What to work on » Transcribe the data below verbatim from the line with "2 in. x 15 in." to the line with "VELUX vluchtvensters met". Include both of those lines.

Data records Start Marker

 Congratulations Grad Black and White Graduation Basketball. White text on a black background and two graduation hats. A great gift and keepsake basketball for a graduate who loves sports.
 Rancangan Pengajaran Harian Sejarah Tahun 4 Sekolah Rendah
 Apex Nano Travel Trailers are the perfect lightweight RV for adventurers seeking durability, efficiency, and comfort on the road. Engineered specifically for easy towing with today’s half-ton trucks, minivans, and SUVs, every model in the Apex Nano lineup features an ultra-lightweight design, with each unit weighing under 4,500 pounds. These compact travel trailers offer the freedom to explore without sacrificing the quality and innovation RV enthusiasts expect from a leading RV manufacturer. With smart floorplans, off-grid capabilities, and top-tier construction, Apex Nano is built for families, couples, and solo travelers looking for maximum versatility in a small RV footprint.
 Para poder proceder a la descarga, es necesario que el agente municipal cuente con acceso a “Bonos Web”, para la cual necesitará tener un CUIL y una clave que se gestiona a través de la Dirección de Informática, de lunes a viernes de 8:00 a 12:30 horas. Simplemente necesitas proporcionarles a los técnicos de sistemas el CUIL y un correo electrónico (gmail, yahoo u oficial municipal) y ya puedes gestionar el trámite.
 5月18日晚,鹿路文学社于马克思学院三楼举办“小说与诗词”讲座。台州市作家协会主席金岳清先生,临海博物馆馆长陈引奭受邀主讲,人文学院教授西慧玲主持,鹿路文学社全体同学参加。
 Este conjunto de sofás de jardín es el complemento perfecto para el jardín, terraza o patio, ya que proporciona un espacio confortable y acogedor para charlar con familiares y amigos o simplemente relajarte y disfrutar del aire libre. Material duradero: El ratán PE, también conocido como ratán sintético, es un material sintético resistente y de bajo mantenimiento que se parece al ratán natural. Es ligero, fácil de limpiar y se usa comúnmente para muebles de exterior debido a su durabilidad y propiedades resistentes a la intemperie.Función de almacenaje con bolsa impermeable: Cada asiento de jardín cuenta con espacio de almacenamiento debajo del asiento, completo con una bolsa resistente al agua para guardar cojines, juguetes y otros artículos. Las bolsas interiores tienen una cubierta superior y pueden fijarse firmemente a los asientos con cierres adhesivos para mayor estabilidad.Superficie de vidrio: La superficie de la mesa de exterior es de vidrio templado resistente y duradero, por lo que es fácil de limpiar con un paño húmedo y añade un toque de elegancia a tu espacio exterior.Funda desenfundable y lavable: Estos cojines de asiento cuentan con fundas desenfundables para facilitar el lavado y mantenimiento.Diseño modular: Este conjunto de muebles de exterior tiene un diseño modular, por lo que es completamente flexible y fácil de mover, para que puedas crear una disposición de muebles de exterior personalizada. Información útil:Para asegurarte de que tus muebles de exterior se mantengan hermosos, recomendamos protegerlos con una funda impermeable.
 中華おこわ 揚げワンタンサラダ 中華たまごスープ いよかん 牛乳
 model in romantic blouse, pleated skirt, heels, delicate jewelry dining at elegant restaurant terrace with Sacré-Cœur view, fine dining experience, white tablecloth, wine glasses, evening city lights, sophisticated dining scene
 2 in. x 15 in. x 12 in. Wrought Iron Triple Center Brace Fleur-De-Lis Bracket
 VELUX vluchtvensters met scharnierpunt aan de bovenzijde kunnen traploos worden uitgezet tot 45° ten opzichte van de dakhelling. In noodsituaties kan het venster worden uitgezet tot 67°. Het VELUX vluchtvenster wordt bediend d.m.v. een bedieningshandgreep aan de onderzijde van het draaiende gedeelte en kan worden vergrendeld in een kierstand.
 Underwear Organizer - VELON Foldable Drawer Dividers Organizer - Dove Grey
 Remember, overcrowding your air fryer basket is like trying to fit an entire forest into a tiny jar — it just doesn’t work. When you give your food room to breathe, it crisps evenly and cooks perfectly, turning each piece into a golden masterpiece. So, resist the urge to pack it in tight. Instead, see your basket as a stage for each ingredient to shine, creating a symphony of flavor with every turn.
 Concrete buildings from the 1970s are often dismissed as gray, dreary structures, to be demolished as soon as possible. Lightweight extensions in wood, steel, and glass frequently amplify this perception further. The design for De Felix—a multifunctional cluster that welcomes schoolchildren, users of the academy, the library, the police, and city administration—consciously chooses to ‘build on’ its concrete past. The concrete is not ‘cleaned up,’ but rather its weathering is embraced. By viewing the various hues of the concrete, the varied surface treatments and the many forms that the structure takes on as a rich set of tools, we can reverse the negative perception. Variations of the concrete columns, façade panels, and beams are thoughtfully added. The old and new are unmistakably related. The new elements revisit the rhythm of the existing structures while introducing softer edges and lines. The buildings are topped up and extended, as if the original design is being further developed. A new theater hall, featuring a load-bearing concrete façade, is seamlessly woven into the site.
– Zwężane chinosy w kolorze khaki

Data records End Marker

Written response »
 2 in. x 15 in. x 12 in. Wrought Iron Triple Center Brace Fleur-De-Lis Bracket
 VELUX vluchtvensters met scharnierpunt aan de bovenzijde kunnen traploos worden uitgezet tot 45° ten opzichte van de dakhelling. In noodsituaties kan het venster worden uitgezet tot 67°. Het VELUX vluchtvenster wordt bediend d.m.v. een bedieningshandgreep aan de onderzijde van het draaiende gedeelte en kan worden vergrendeld in een kierstand.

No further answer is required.